如果有负值，如何让 python 停止查找？

Question

I have a dict:

ff = {("Tom Brady",45678 ): [[456.0, 4050.0], [0.32, 5.6]]}

and

f = {("Tom Brady",45678 ): [[456.0, 4050.0, -1000.0], [0.32, 5.6, 4.56]]}

I have this code:

def find_neg (client_list: dict[tuple[str, int], list[list[float]]], client: tuple[str, int]) -> int

for a in client_list[client][0]: 
    if a>0:
      return 2
    if a<0
      return 1

the problem with this code is that when there is no negative value, python gives me an error telling me it cannot be NoneType. I want the code to give me an answer if there is a negative, but instead it only gives me an error.

Answer 1

You could make the list of lists (the value in your dictionaries) into one big list, and then use list comprehension to create a new list that only holds the negative numbers. If the length of this list comprehension result is bigger than 0, then you have negative numbers in any of the lists that is in the value of your dictionary.

def find_neg (client_list: dict[tuple[str, int], list[list[float]]], client: tuple[str, int]) -> int:
    big_list = sum(client_list[client], [])
    negatives = [i for i in big_list if i < 0]
    if len(negatives) > 0:
        return True
    return False

(the sum is a little trick to create one list out of a list of lists).
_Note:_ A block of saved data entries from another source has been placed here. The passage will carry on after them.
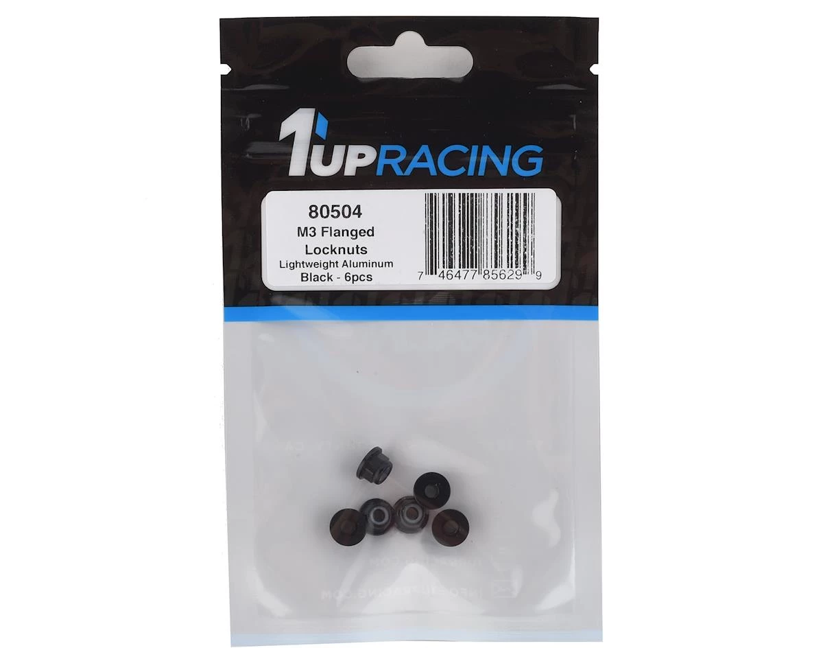 1UP Racing 3mm Aluminum Flanged Locknuts (Black) (6)
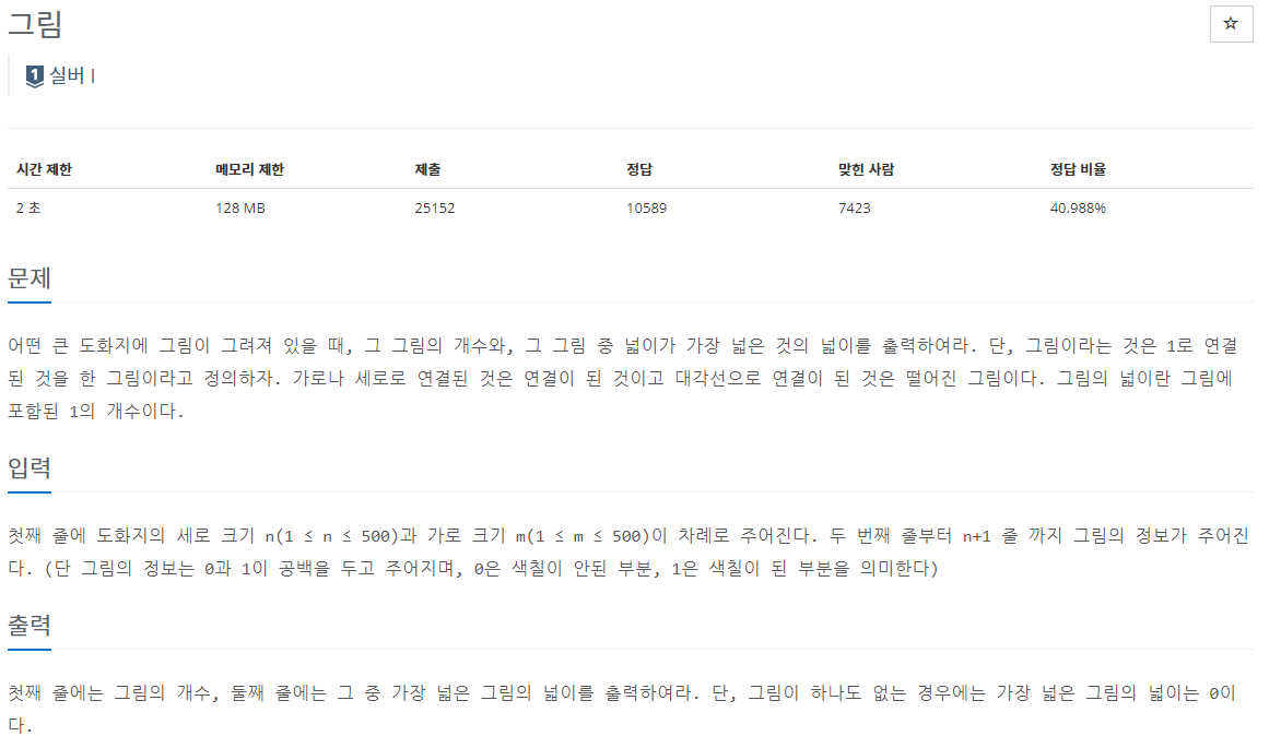 - BFS 돌면서 그림 개수 + 1, 최대값 갱신
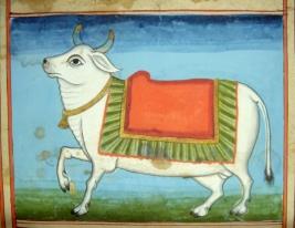 | Description / विवरण | Miniature painting of a bull with a cloth on its back and a bell in the neck. The horns are pointed. It is symbol of zodiac sign Taurus. |
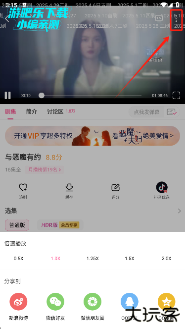 4、点击播放页面右上角的三点还可以对倍数进行调节
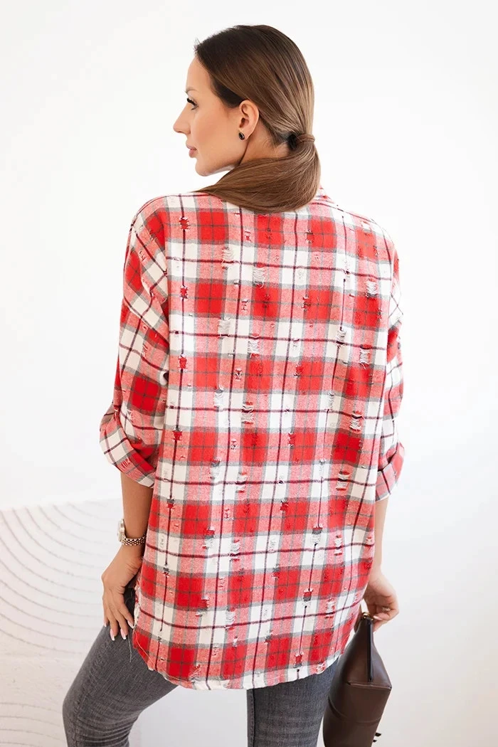 Dámská kostkovaná bavlněná košile s efektem model 21402218 červená - K-Fashion
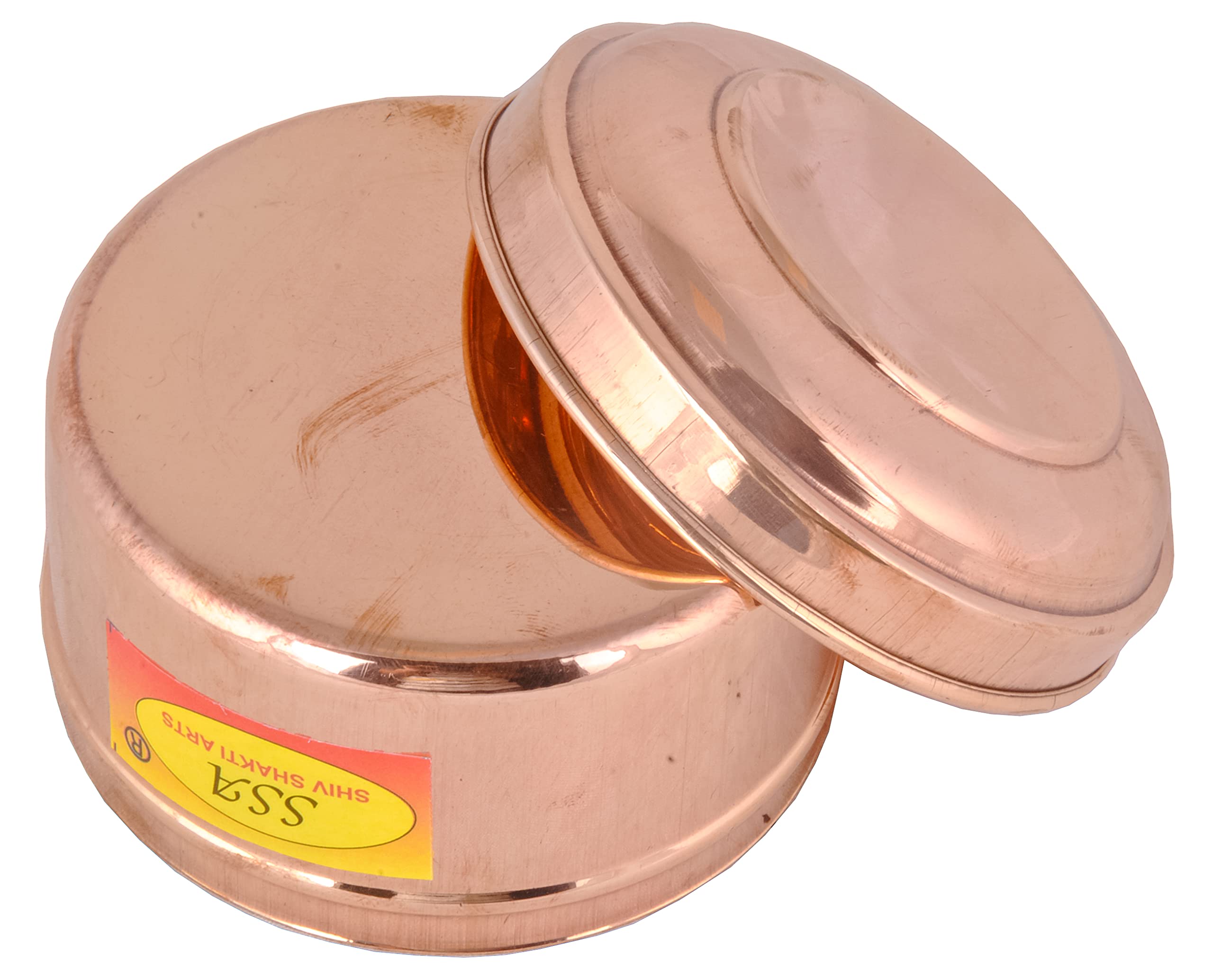 At this time when the world is riddled with Pollution our countrymen are using high potency tablets even for minor problems which is spreading poison in their bodies. Our Rishes/Sadhus Saints and even doctors have found a very easy method to deal with such disorders. The best remedy to overcome these problems is to store water in a copper utensil overnight and drink four glasses every morning. After this you can wash your mouth and brush your teeth. It is also advisable not to take tea for at least 45 minutes. Patients who cannot drink four glasses of water at a time can start with smaller quantity and increase the quantity gradually. There is no disease in the world which cannot be cured by this method. It is useful to drink water before sunrise for all including healthy persons. We request everybody to propagate this every morning whosoever is suffering from any diseases Care Tips a) Clean your copperware by hand and avoid dishwasher as the detergent can cause oxidation leading to permanent damage. b) Use a solution of equal quantities vinegar or lemon juice and salt diluted with some water at such times but don't use it regularly. c) Avoid scratchy cleaners like steel wool. d) A simple soft cleaning liquid on soap base hot water and a soft washing cloth is best for daily use. e) Use Copper Shining Powder for cleaning the copper utensils. Completely safe and gentle on hands. f) Copper Utensils Tarnish from time to time. This is Normal for an Authentic Copper utensils.
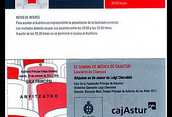 Jueves 20 de octubre, 20:00 horas, Auditorio de Oviedo. Concierto de Clausura de la XX Semana de Música CajAstur: Orquesta Juvenil Luigi Cherubini, Coro de la Fundación Príncipe de Asturias (maestro de coro: José Esteban García Miranda); director: Riccardo Muti, Premio Príncipe de Asturias de las Artes 2011. Réquiem en Do menor (L. Cherubini).
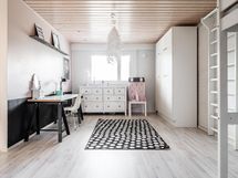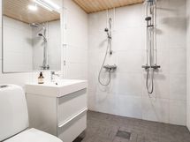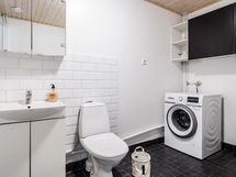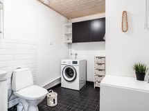 - Kylpyhuone, suihku, kylpyhuonekaapisto, pesukoneliitäntä, kiinteät valaisimet, sähkösauna, erillinen wc joka toimii myös kodihoitohuoneena
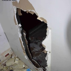 Le anomalie permettevano di rilevare la possibile introduzione di ignoti all’interno dei locali attigui a quelli in cui è allocata la cassaforte del supermercato dove vengono custoditi gli incassi giornalieri. Gli uomini della Squadra Mobile, previ contatti con il personale della vigilanza, constatava che il filo di uno dei sensori dell’allarme era stato tranciato e la porta in ferro dotata di un grosso lucchetto era stato posizionato in modo tale da essere prontamente tagliato con il flex.
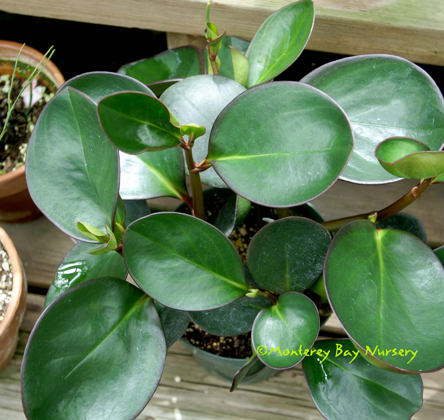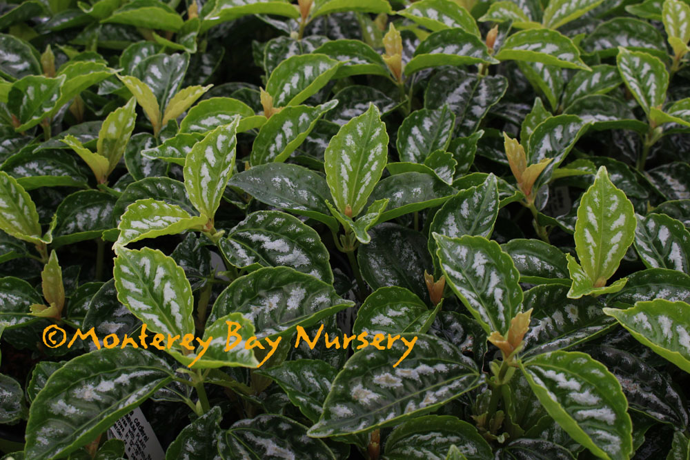 involucrata 'Moon Valley'   why you want it    a study in beaded perfection, green green green leaves, flushed deep burgundy in the centers with age minutely stippled with micro-tubercles with a carefully beaded edge. I always have to look at them when they go by on the order-pulling trailers, I find that leaf mesmerizing. To about 12" tall and wide, grow in bright conditions, keep it above 50°F, let go a little dry between watering. This is classified by some as P. mollils. rev 4/2021
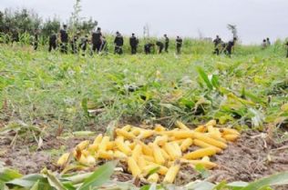 这是一支召之即来、来之能战的队伍!有任务时,指到哪里打到哪里;没任务时,加强综合训练。他们风里来,雨里去,参与了重点工程的每一个重要环节,有效保障了工程现场秩序,关键时刻,这些小伙子也是挥舞起镰刀奋战田间地头的劳动能手!看,那执守在清表工地的队员们,中午饭就是一碗盒饭一碗汤,田野作餐厅,田垄当饭桌,但他们以苦为乐。在我县重点工程如火如荼扎实推进的过程中,到处留下了他们的身影。他们就是骁勇善战、吃苦耐劳的“双供”工程秩序保障组的队员们。图为队员们在国锦电厂长输供热管线贾兆段清表时,帮助王内内大娘家收割玉米。

As per comments; if you only need to know if there was a negative number (and you will never need to know what number(s) those were), you could simplify:

def find_neg (client_list: dict[tuple[str, int], list[list[float]]], client: tuple[str, int]) -> int:
    big_list = sum(client_list[client], [])
    for i in big_list:
        if i < 0:
            return True
    return False

Answer 2

Your current logic is:

def help_find_neg(lst: list[float]):
    for element in lst: 
        if element > 0:
            return 2
        if element < 0:
            return 1
        # and if element == 0: go to the next element

If your lst consists only of zeros, the function will skip all of them (and return None ).

This might be the reason behind your NoneType error.